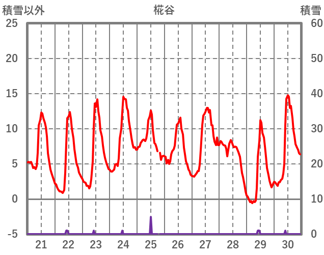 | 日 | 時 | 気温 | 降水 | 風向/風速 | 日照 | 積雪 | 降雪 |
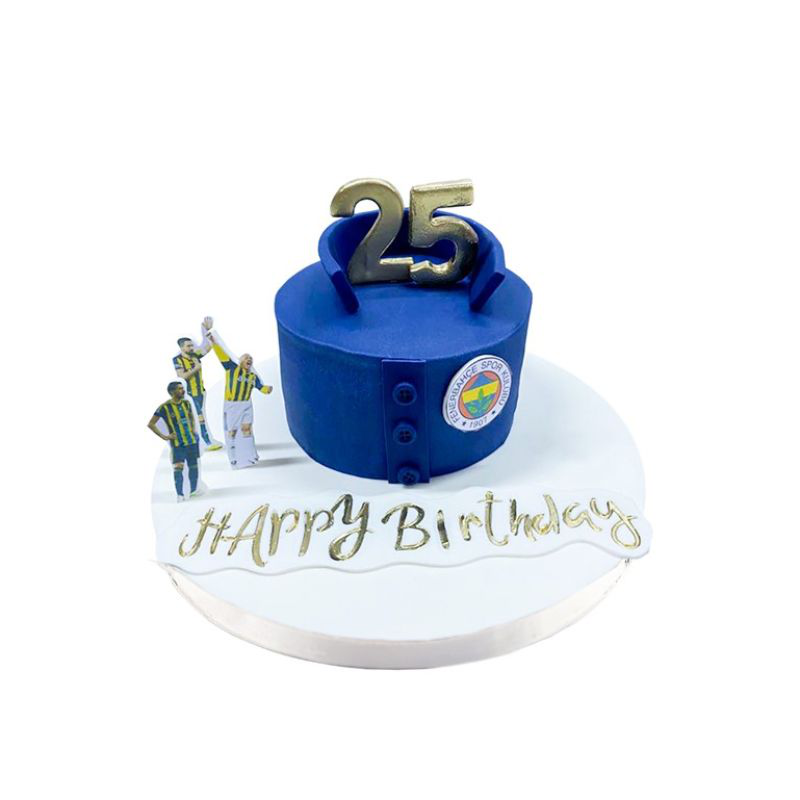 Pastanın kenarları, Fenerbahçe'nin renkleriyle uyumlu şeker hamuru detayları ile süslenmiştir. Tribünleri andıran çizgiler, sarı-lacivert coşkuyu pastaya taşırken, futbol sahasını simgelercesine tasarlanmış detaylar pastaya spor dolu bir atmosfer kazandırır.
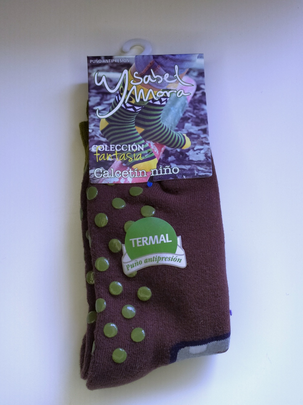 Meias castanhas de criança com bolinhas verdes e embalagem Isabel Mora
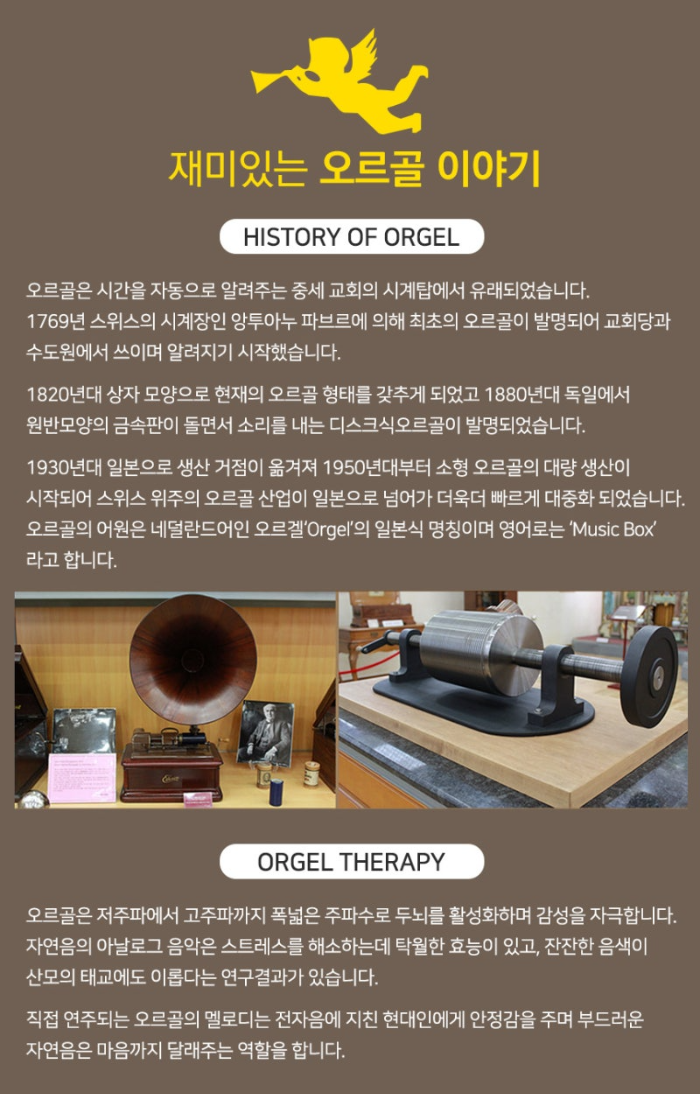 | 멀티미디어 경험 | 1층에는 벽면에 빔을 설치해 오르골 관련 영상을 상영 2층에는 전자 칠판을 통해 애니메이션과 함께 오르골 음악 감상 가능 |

*WHAT IS BEING ASKED*. Output an exact copy of the material, with the pictures removed.

*RESPONSE AREA*.
 | 日 | 時 | 気温 | 降水 | 風向/風速 | 日照 | 積雪 | 降雪 |
 Pastanın kenarları, Fenerbahçe'nin renkleriyle uyumlu şeker hamuru detayları ile süslenmiştir. Tribünleri andıran çizgiler, sarı-lacivert coşkuyu pastaya taşırken, futbol sahasını simgelercesine tasarlanmış detaylar pastaya spor dolu bir atmosfer kazandırır.
 Meias castanhas de criança com bolinhas verdes e embalagem Isabel Mora
 | 멀티미디어 경험 | 1층에는 벽면에 빔을 설치해 오르골 관련 영상을 상영 2층에는 전자 칠판을 통해 애니메이션과 함께 오르골 음악 감상 가능 |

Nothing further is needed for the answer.